Andererseits jedoch erzählt "Offset" eine tragische Dreiecks-Liebesgeschichte zwischen Braut, Bräutigam und dem langjährigen Liebhaber der Braut, einem älteren, verheirateten Druckereibesitzer. Dieser kann sich mit dem Entschluss seiner Geliebten, sich von ihm zu trennen und einen jungen Deutschen zu heiraten, nicht abfinden. Und die junge Frau ist sich ihrer Gefühle für ihren zukünftigen Ehemann nicht ganz sicher... Diese Seite des Films lebt von der Vielschichtigkeit und Differenzierung der drei Hauptpersonen und hätte das Potential für eine Psycho-Lovestory mit Tiefgang. Diese Dreiecksbeziehung hat auch nichts mit Rumänien zu tun, sondern könnte überall spielen - der Bräutigam müsste nicht mal aus dem Ausland kommen.

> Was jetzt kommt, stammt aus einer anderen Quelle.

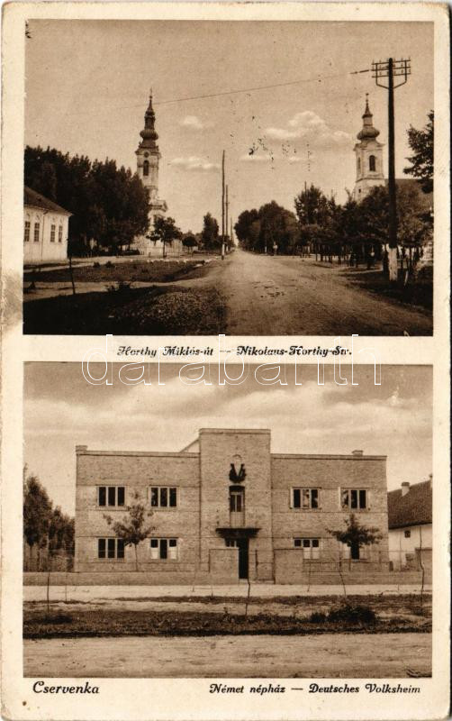 1942 Cservenka, Crvenka; Horthy Miklós út, Német népház / street, Germ... https://www.darabanth.com/de/473-Fernauktion/473.0/Ansichtskarten/Vojvodina~2000011/1942-Cservenka-Crvenka-Horthy-Miklos-ut-Nemet-nephaz-street-German-national-house-EK~II3212164

Leider gelingt es nicht, beide Aspekte miteinander zu verbinden. Die Satire zerstört die Liebesgeschichte und umgekehrt. Am Ende blickt man gar nicht mehr durch, wo das Klischee aufhört und der individuelle Charakter anfängt. Am schlimmsten ist dies beim Liebhaber der Braut, dem rumänischen Druckereibesitzer: Soll seine Leidenschaftlichkeit, sein Machogehabe, seine Starrköpfigkeit und Egozentrik etwa typisch für rumänische Alpha-Männer sein? Oder ist nur er so?
Wer aus diesem Film irgendetwas über Rumänien lernen möchte, sollte sich das Eintrittsgeld sparen - eigentlich schade. Auch von Bukarest werden nur gammelige Fassaden bei schlechtem Wetter gezeigt. Wer hingegen schon Erfahrungen mit Rumänien hat oder von dort stammt und das Gesehene einordnen kann, kann sich den Film trotz aller Schwächen anschauen. Er wird in den Details und Dialogen viel Wahres, Interessantes und Witziges entdecken.
Hat sonst noch jemand den Film gesehen? Auf eure Anmerkungen und Meinungen wäre ich gespannt.